By: Austin Kleber
In the last three weeks, Maryland has started three different quarterbacks. In 180 minutes of play, only one of those quarterbacks led the Terps’ offense to pay dirt.
It was a freshman in his first career start.
Freshman Max Bortenschlager threw for 191 yards and one touchdown, as Nebraska pummeled the Terps in Lincoln, 28-7.
The move to start Bortenschlager came as a surprise to many, given that he took limited snaps in a 40-point blowout of Howard earlier in the season. The other options, backups Tyrrell Pigrome and Caleb Rowe, both had more starting experience.
“I think [Bortenschlager] handled the situation well,” head coach DJ Durkin said. “Max had a really good week of practice. Like any other position, we let guys go compete and Max earned it through the way he prepared and practiced.”
Bortenschlager was on his own for much of the game, as the Maryland rushing attack was once again stunted. With star running back Lorenzo Harrison suspended after being charged with assault and reckless endangerment charges for an on-campus airsoft gun incident, Ty Johnson received most of the carries.
“[Lorenzo’s] a great player. Having him play would definitely help, but we have other guys who are really talented players and might have to step up a bit more,” offensive lineman Michael Dunn said. “Overall, I think that group has a lot of depth. They’re doing their job, but we’ve also gone against some really talented defenses the past few weeks.”

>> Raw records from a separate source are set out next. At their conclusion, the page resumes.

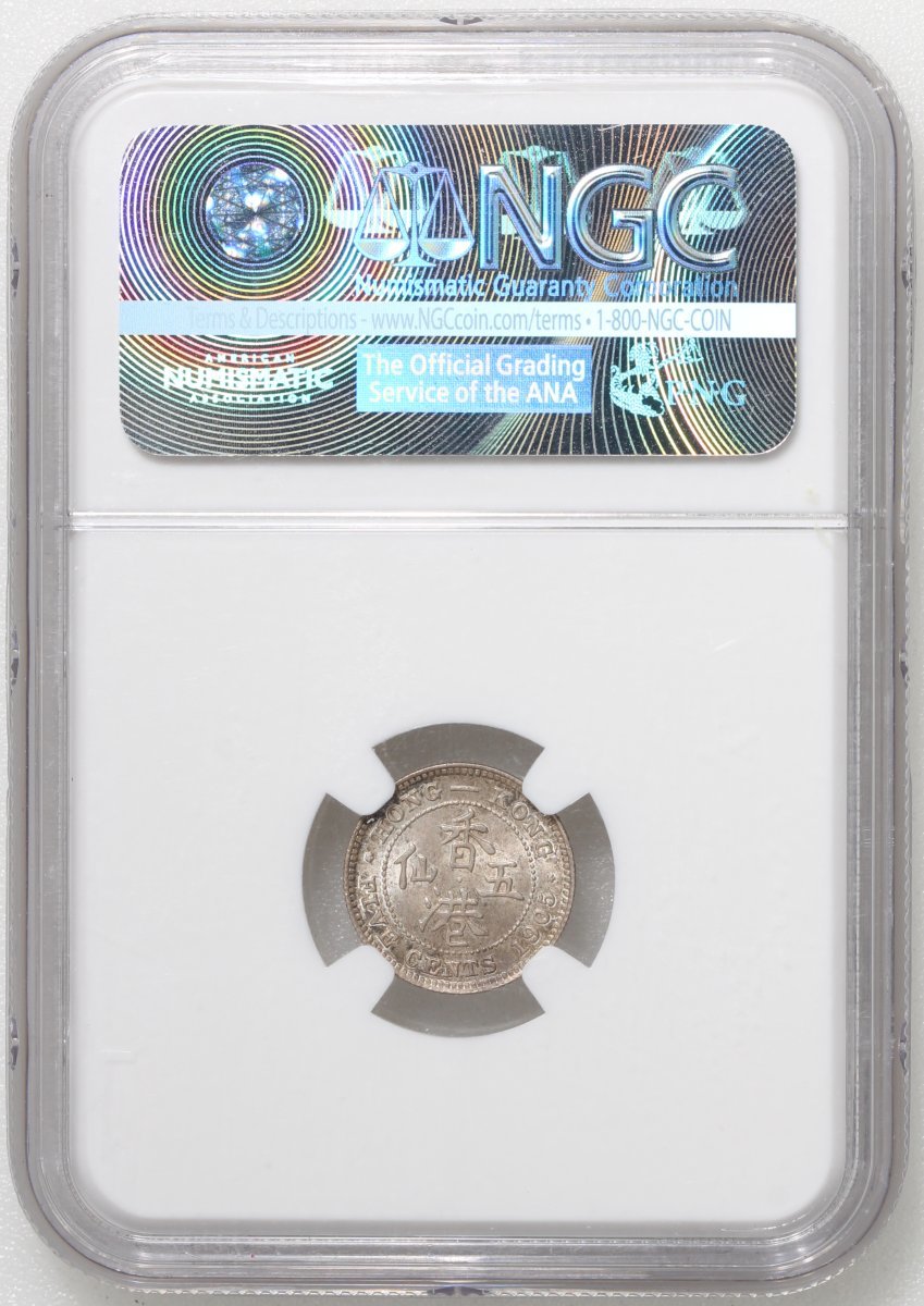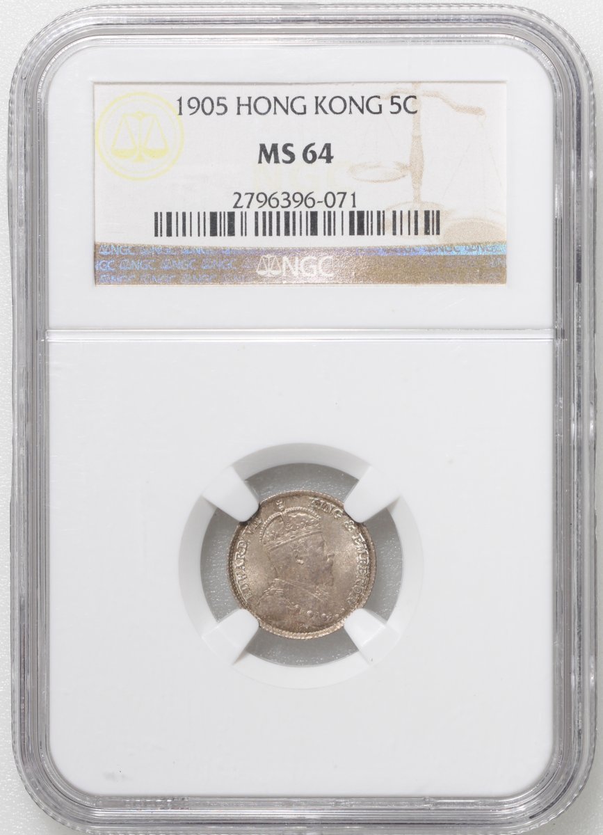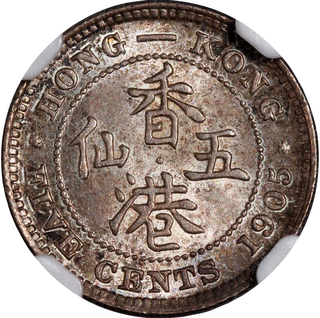 Hong Kong, silver 5 cents, 1905, NGC MS64, #2796396-071
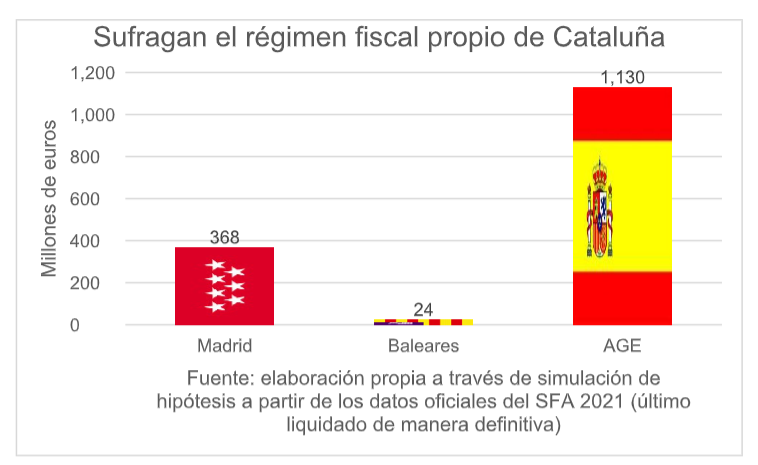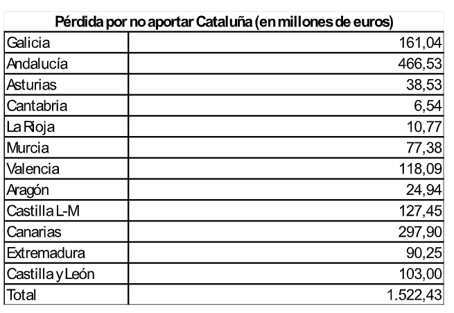En este caso, Madrid y Baleares aportan los 1.522 millones que deja de aportar Cataluña, con el peso antes citado, un 94% para Madrid, que son 1.432 millones, y Baleares con 90 millones.
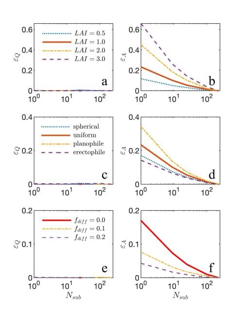 They found that canopy configurations that reduce radiation entropy are more sensitive to error in canopy photosynthesis estimations. Errors were found to increase for canopy configurations (1) with increased LAI, as the canopy became denser, (2) when leaf angle distribution was more horizontal causing the fraction of leaf area projected in the direction of the sun to increase, and (3) when the fraction of incoming diffuse radiation was decreased.
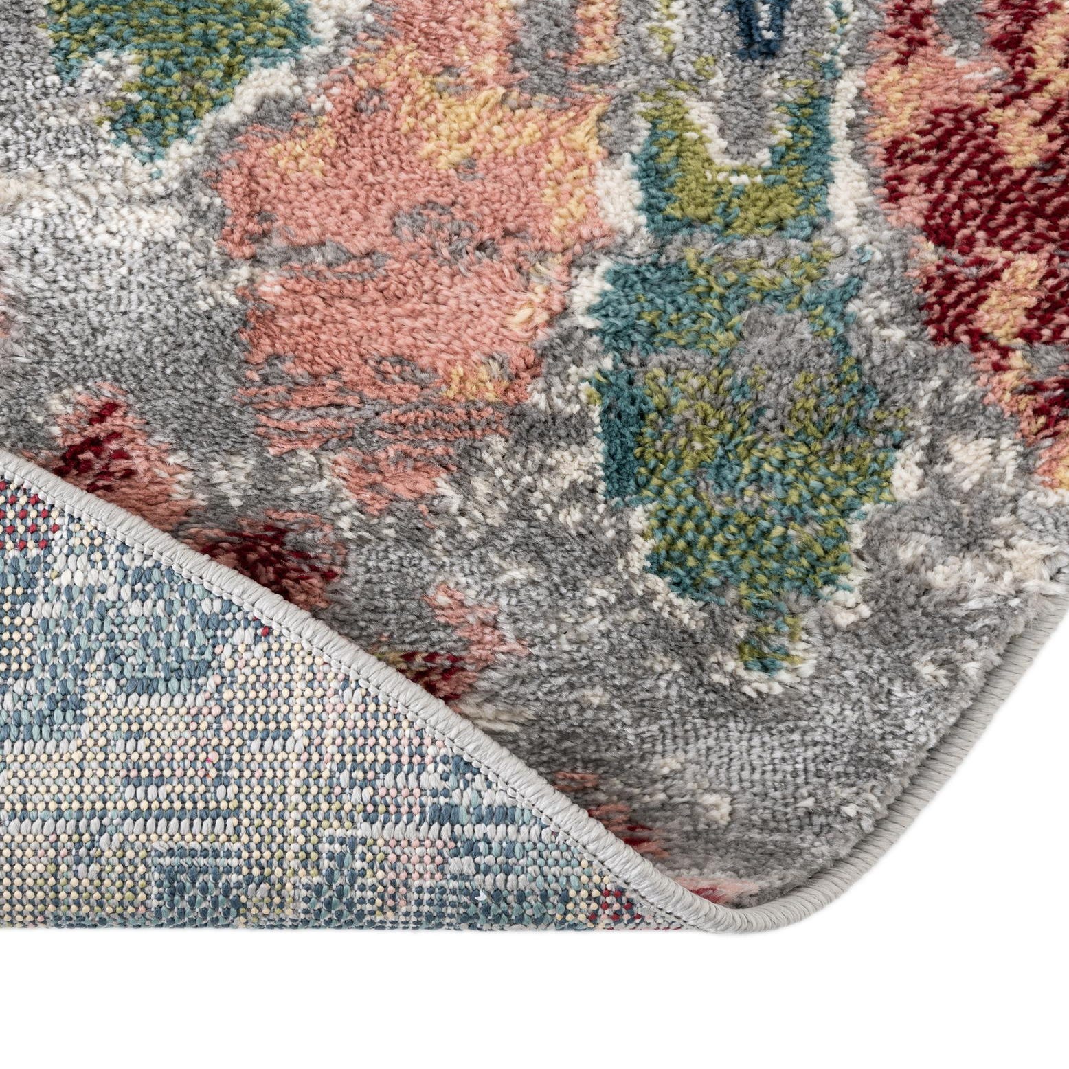 Primary color is Multi. Colors in this rug include: Multi, Blue, Burgundy, Green, Ivory, Navy Blue, Puce.
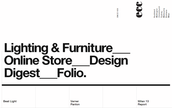 不论你是否喜欢,Helvetica都占据了这个网站的主要舞台。网站的分类按钮非常宽大,牢牢的抓住了用户的注意力。这个网站的平面设计非常的经典,干净,极简主义。网站右上方竖直的导航条的文字创造了一种很强的趣味效果,但是仍然能够让用户将注意力放在主要分类导航上。只有当鼠标悬停在图片区域的时候才显示这一点做得非常有趣。
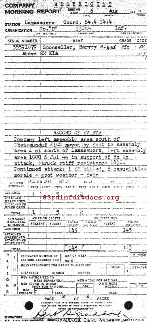 | Private First Class Sponseller was a member of D Company. The morning report for July 21, 1944 on page 25 lists him as a non battle casualty and transferred to a hospital. Page 26, for July 22, 1944, lists him returning to duty. The morning report for August 6, 1944 on page 8 lists as killed in action. The page can be seen below. |

Johnson carried the ball only seven times for 21 yards. Maryland running backs combined for a total of 36 rushing yards on 13 carries.
“We struggled to run the ball. Throughout this year, that has been a constant thing that we’ve been able to [do] just about every game,” Durkin said. “We weren’t able to do that today so that affected Max [Bortenschlager], as well. … [When] you can’t run the ball, that’s hard on any quarterback, especially a freshmen and especially in a hostile environment, but I think he handled the situation well.”
Despite the offensive woes, there was one bright spot: a 92-yard touchdown pass off of a tunnel screen from Bortenschlager to sophomore receiver DJ Moore.
The Terps snapped the ball from their own 8-yard line and the offensive line immediately collapsed. Bortenschlager back-pedalled to the edge of the endzone and dumped the ball off to Moore as a Nebraska defensive lineman chased him down.
Moore secured the ball and immediately cut back to sidestep his way through four would-be tacklers, leaving them all grasping at air. He zigzagged his way to two more missed tackles and was off to the races with nothing but open field in front of him at the 50-yard line.
“I would say that was one of the best touchdowns I’ve had in my life,” Moore said. “I didn’t know the two [Nebraska players] were coming until I just looked at the video, so I just split them. I saw open grass to the right, and I ran to it.”
Regular starter Perry Hills is still dealing with a shoulder injury and head coach Durkin hopes he will be back to help the team clinch bowl eligibility against Rutgers next Saturday.
“Perry’s not healthy enough to play and play effectively. It was not in the best interest of him or our team, so that’s why he wasn’t playing,” Durkin said. “I can’t predict seven days from now how Perry is going to feel. He’s one of the toughest I’ve ever been around. If he can go at all and is able to, he will, but I don’t know [how he will feel].”
The Terps’ first half defensive issues continued again this week, as the Terps were outscored 21-0 before halftime. The Huskers ran the ball all over the defense for 181 yards. Nebraska running back Terrell Newby turned in his third-best rushing performance of the season, racing for 98 yards and three touchdowns.
Maryland also struggled mightily against Nebraska’s third down offense. Nebraska converted eight of 17 third downs and six of those conversions came in the first half. Durkin said the Huskers were so good on third down in the first half that it made him “want to puke.”
“Like every other team, we made adjustments at halftime and those adjustments paid dividends,” linebacker Jermaine Carter Jr. said. “We were able to get off [the field] on third down [in the second half], whereas in the first half … we just had trouble getting them off the field.We made strides in the second half and got better.”
The Terps matched Nebraska’s 7 points in the second half, and Durkin said he looks to draw on that to carry the momentum over to next week.
“[In the second half], we played more like what we’re capable of and how we should be playing,” Durkin said. “All in all, credit to Nebraska.They have a good team, they won the game, but we just have to play better, start faster, and I think we will.”